A maximum intensity projection of the slices defined by the user was used to start. A background image was generated with a disk smoothing filter over this image based on the minimum cell size. The background image was then subtracted from the maximum projected image. This image was then combined with processed DAPI image corresponding to the low estimate of nuclear area (dapi_label) using morphological reconstruction and cells were segmented with a watershed algorithm. After image segmentation, segmented elements that were too small or large elements were removed. Cells too close to the borders were also removed.

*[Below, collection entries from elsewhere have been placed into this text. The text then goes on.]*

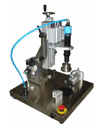 Visseuse pendulaire Machine pour bouchons avec tête interchangeable. Démarrage automatique au contact du bouchon Cadence : jusqu’à 800 produits / heure |
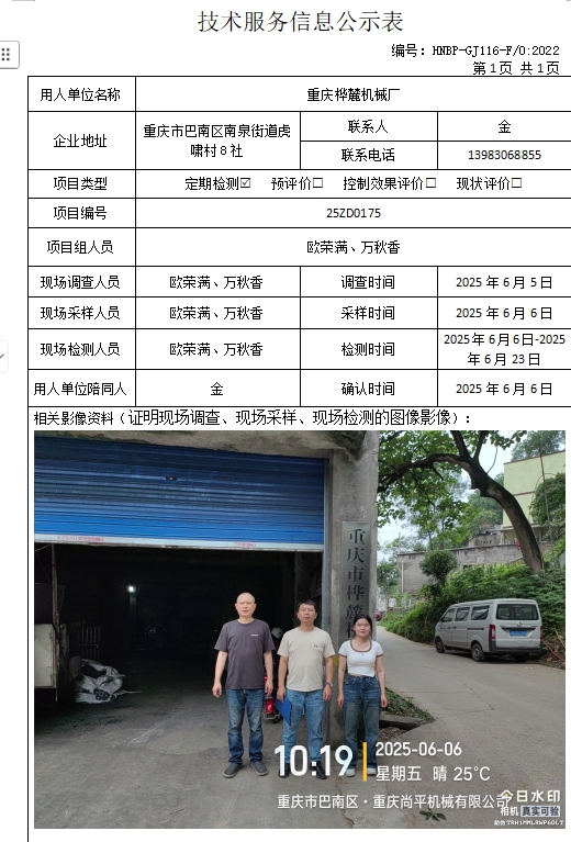 重慶樺麓機械廠定期檢測項目公示
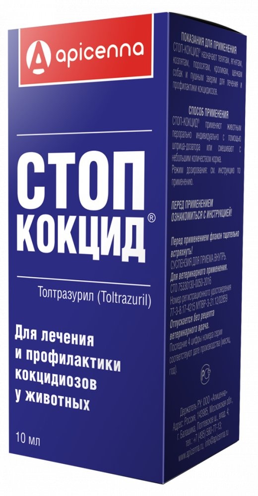 суспензия для орального применения. Стоп-кокцид в 1 мл в качестве действующего вещества (ДВ) содержит толтразурил - 50 мг, а также вспомогательные вещества: бензоат натрия – 1,5 мг, карбоксиметилцеллюлозу –1,5 мг, цикламат – 0,67 мг, сахарин – 0,67 мг, аспартам – 0,67 мг, лактозу – 2 мг, полипропиленгликоль – 100 мг, твин-80 – 6 мг, аэросил – 6 мг и воду дистиллированную – до 1 мл.

Quantification of Precision, Sensitivity, and Accuracy

To quantify sensitivity and precision, images from the DAPI and transmitted light channels as well as the segmented nuclei and cells were loaded and displayed in one overlaid image. For each cell line, 3–4 images were collected from each of 3 biological replicas. For every image in one biological replica, three experts in the lab manually scored the segmentation quality as described below. The average and standard deviation of the F-scores from the three experts were then computed. In addition, one expert in the lab manually scored the segmentation quality for all three biological replicas, and the average and standard deviation were calculated from the replicas. Experts in our lab labeled each image for false positives and false negatives for both the nuclear and cellular segmentation. A false negative was defined as a lack of segmentation for an object. A false positive was defined as a segmented object with greater than 20 percent error in its area (positive or negative). For instances where two objects were determined as one object, one false positive and one false negative was counted. Objects on the edge of the image were not counted. True positives (TP) were calculated by subtracting the number of false positives from the number of segmented objects determined by the program. Sensitivity was calculated by dividing the number of true positives by the number of false negatives (FN) plus true positives: TP/(FN + TP). Precision was calculated by dividing the number of true positives by the number of false positives (FP) plus true positives: TP/(FP + TP). The accuracy was calculated as the F1-score which is the harmonic average of the precision and sensitivity: 2(Precision × Sensitivity)/(Precision + Sensitivity).